Жулиана отрывается от своих заметок и медленно моргает. Из-за глубоко посаженных глаз она слегка напоминает сову.
– Спасибо. – Симон забирает свернутые пергаменты. – Это как раз то, что мне требовалось. Так что… э-э-э… спасибо.
Жулиана переводит взгляд на него, а ее тонкие губы изгибаются в усмешке.
Симон разворачивает одну из карт на столе и подзывает Удэна.
– Иди сюда, кузен. Покажи мне, где ты видел селенаэ прошлой ночью.
Грегора.
Прислонившийся к стене Удэн раздраженно ворчит, но все же повинуется. Он наклоняется с другой стороны стола и тычет пальцем в карту:
– Вот здесь.
Симон рисует восковым карандашом маленькую букву «С».
– А где был ты?
Удэн сдвигает палец на пару сантиметров:
– Примерно тут.
Он вновь выпрямляется, пока Симон отмечает указанное место буквой «У».
Горя от нетерпения и жажды помочь, я вступаю в разговор:
– А я…
Симон резко взмахивает ладонью, едва не задев мою руку:
– Подожди.
Обидевшись, я отступаю назад, а он продолжает допрашивать Удэна:
– Где вы с другом расстались?
Он был не один?
Удэн указывает другое место.
– Он шел со мной от таверны до площади, а затем свернул сюда.

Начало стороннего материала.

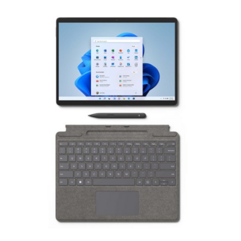 마이크로소프트 Surface Pro 8에는 플래티넘 타입커버와 슬림펜2가 함께 제공됩니다. 이 타입커버는 키보드와 트랙패드를 갖추고 있어 노트북으로 사용할 수 있으며, 플립되어 타블렛 형태로 사용할 수도 있습니다. 또한, 타입커버는 Surface Pro 8과 완벽하게 호환됩니다.
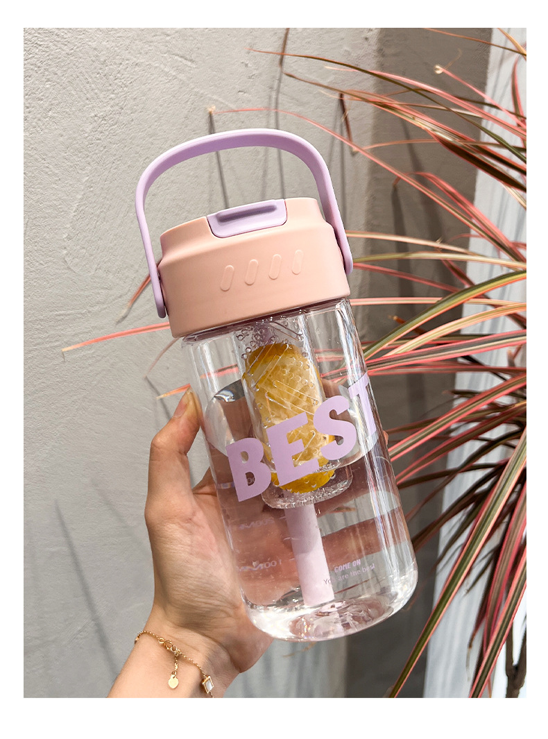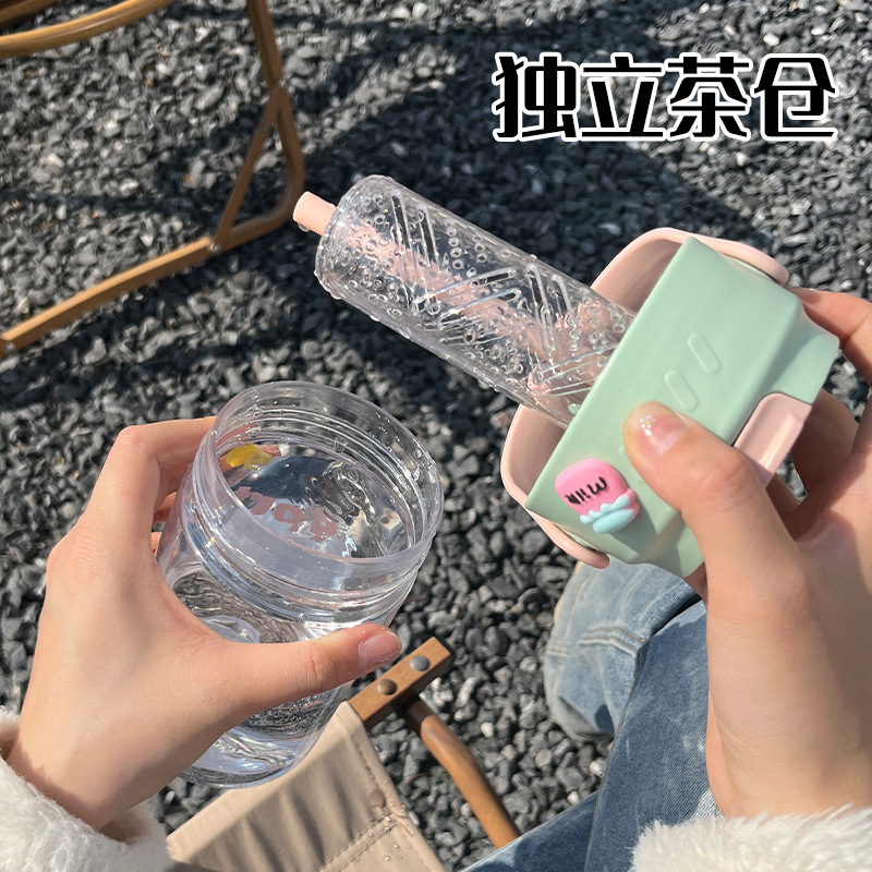 hz549 water cup for girls good-looking summer double drinking cup for men portable student children's straw cup anti-fall plastic
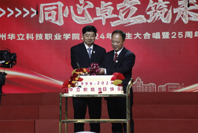 校歌发布仪式后,易健民校长、陈良声书记共同切下庆典蛋糕,象征学校走过25载辉煌岁月,展望未来更加美好的蓝图。祝贺华立职院25岁生日快乐!
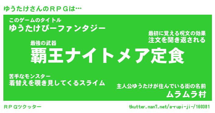 | ファンタジー風あだ名 | 『ユウフェル』『エターナルユウタケー』 |
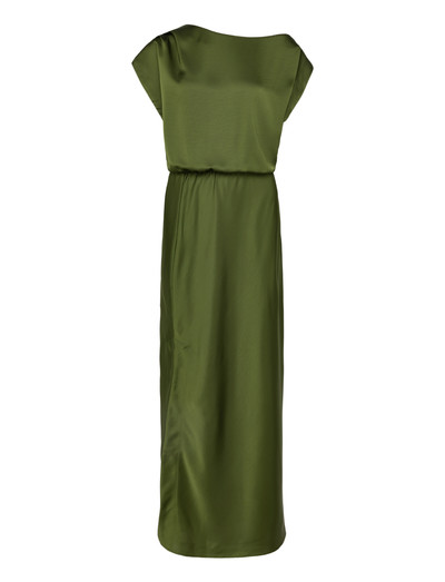 See maksikleit on valmistatud voolavast taaskasutatud satiinist ja õhkab modernset elegantsi. Sellel on asümmeetriline õlgu paljastav kaelus ja lõõgastunud bluson-pihaosa. Pikk seelik loob rafineeritud kuju, mida täiustab kõrge küljelõhik, mis tagab liikumisvabaduse. Tagaküljel olev elastne vöökoht tagab mugava istuvuse.

К моему удивлению, Симон помечает место буквой «Р», а затем рисует стрелку поверх боковой улочки, которая соединяется с Дорогой удовольствий недалеко от переулка, где нашли Перрету. На мой взгляд, этот друг должен стать первым подозреваемым, но Симон так не считает. Он добавляет пунктирную линию между «У» и «Р», чтобы обозначить путь, пройденный Удэном.
– Здесь тебя отыскал Ламберт? – спрашивает он.
Брат Удэна расхаживает у окна, выходящего на улицу, но, услыхав свое имя, тут же замирает.
– Примерно там, – отвечает Удэн. – Я перепугался, встретив селенаэ, и стал ждать, пока он уйдет. А потом началась гроза, и я пережидал ее.
– Хочешь еще что-нибудь рассказать мне о той ночи?
– Нет.
Несколько секунд Симон сверлит взглядом Удэна, словно пытается прочитать его мысли по выражению лица. А затем кивает.
– Хорошо, ты свободен.
Удэн с издевкой кланяется кузену:
– Да, венатре. – А затем обращается к Ламберту, стоящему на другом конце комнаты: – Готов встретиться лицом к лицу со львами?
И только сейчас я понимаю: на обоих братьях одежда для богослужений в святилище.
Ламберт плотнее натягивает перчатки, а его лицо бледнеет.
– Сегодня у Ламберта обручение. А на осень назначена свадьба, – поясняет Жулиана, заметив мое замешательство.
Удэн с ухмылкой подходит к старшему брату.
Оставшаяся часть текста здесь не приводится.